At its core, Bayesian inference is about updating our beliefs about a set of latent variables $z$ after observing some data $x$. We are interested in the posterior distribution $p(z|x)$, which tells us how the latent variables should be distributed given our data. According to Bayes' Theorem, this is expressed as: $$p(z|x) = \frac{p(x|z)p(z)}{p(x)}$$ where $p(x|z)$ is the likelihood, $p(z)$ is the prior, and $p(x) = \\∈t p(x,z) dz$ is the evidence. In high-dimensional spaces, calculating the evidence $p(x)$ is computationally intractable because the integral must be evaluated over all possible configurations of $z$.

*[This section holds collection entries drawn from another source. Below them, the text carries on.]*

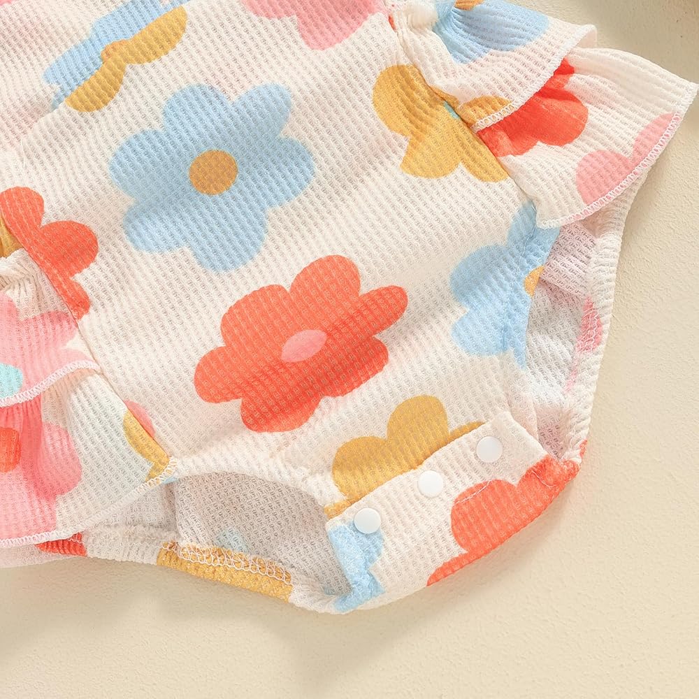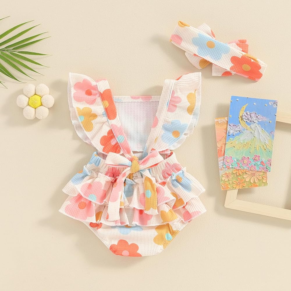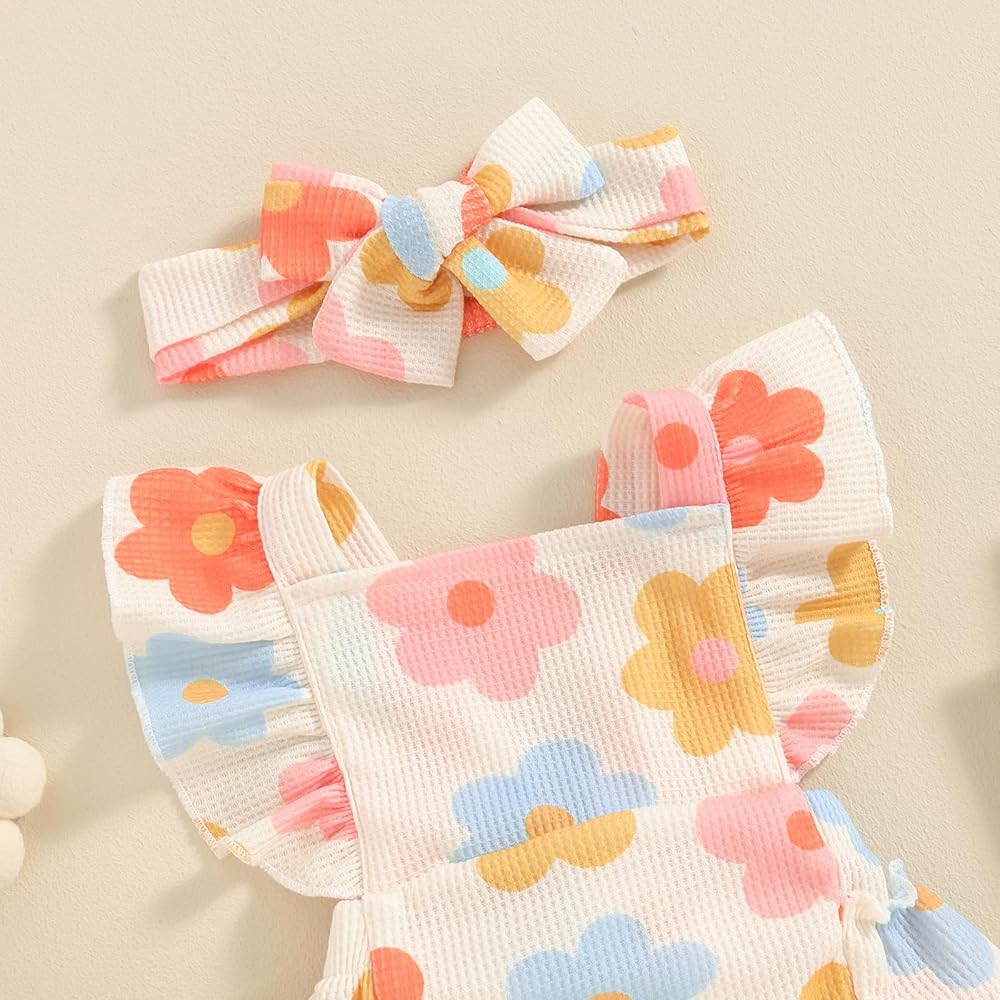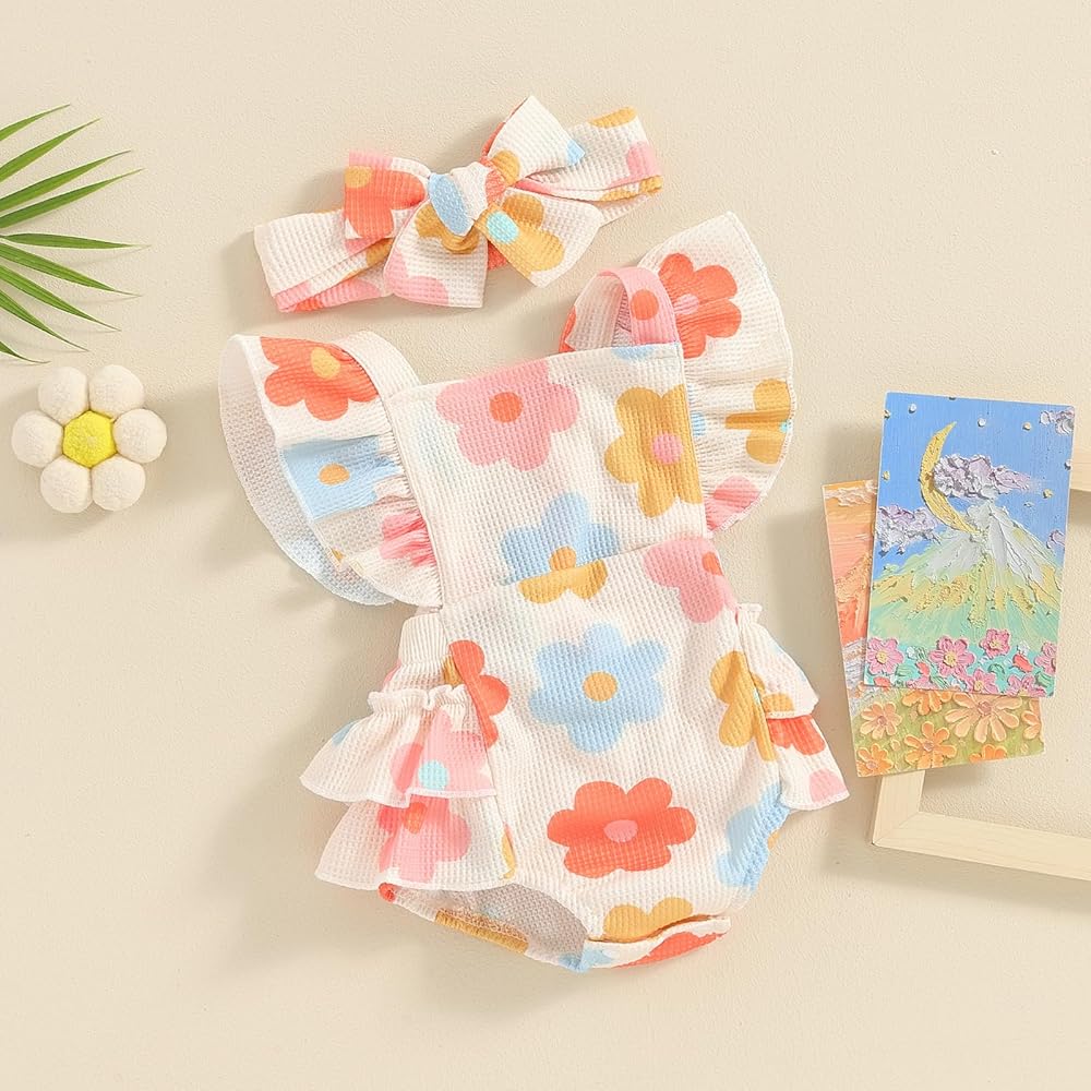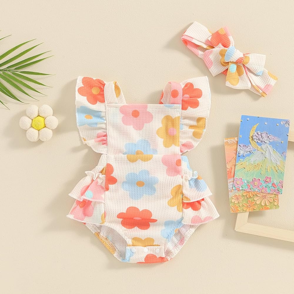 Package Included: 1 x baby girls floral romper + 1 x bow headband. Baby girl summer clothes. Full of beauty, it makes your girl look pretty and lovely.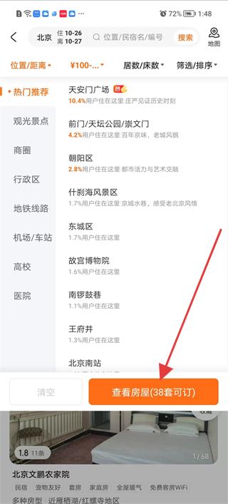 1、進入軟件房源查找頁面,選擇位置等篩選條件后,點擊查看房源,進入房源列表頁面。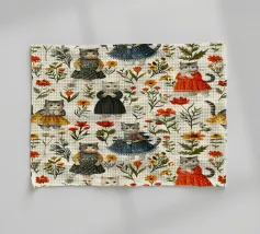 Il design stravagante presenta gatti giocosi di vari colori, ognuno dei quali indossa sciarpe uniche su uno sfondo chiaro. La vivace composizione mette in mostra creatività e fascino.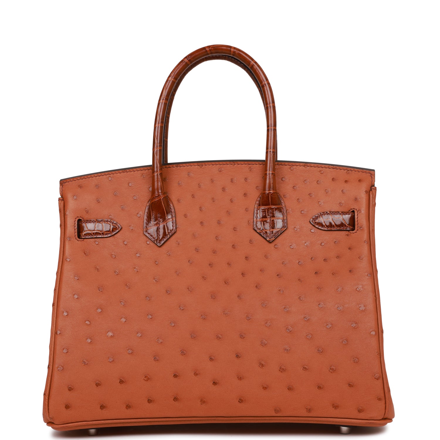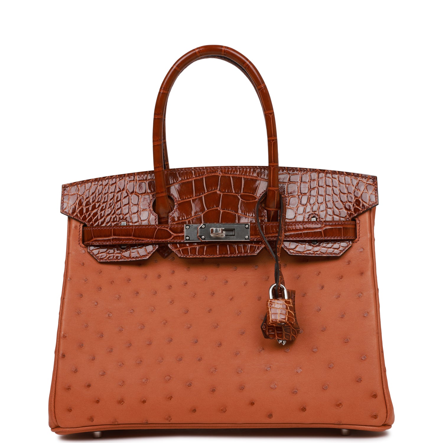 This Birkin "Touch" is in Cognac and Miel shiny alligator and ostrich with palladium hardware and has tonal stitching, two straps with front toggle closure, clochette with lock and two keys and double rolled crocodile handles.

To bypass this intractability, we use Variational Inference. Instead of computing the true posterior $p(z|x)$, we introduce a simpler, parameterized distribution $q_{\phi}(z|x)$, known as the variational distribution (or encoder), to approximate it. Our goal is to make $q_{\phi}(z|x)$ as close to $p(z|x)$ as possible. We measure the 'closeness' of these two distributions using the Kullback-Leibler (KL) Divergence: $$D_{KL}(q_{\phi}(z|x) \parallel p(z|x)) = \\∈t q_{\phi}(z|x) \log \frac{q_{\phi}(z|x)}{p(z|x)} dz$$ minimizing this divergence is equivalent to maximizing the similarity between our approximation and the true latent structure.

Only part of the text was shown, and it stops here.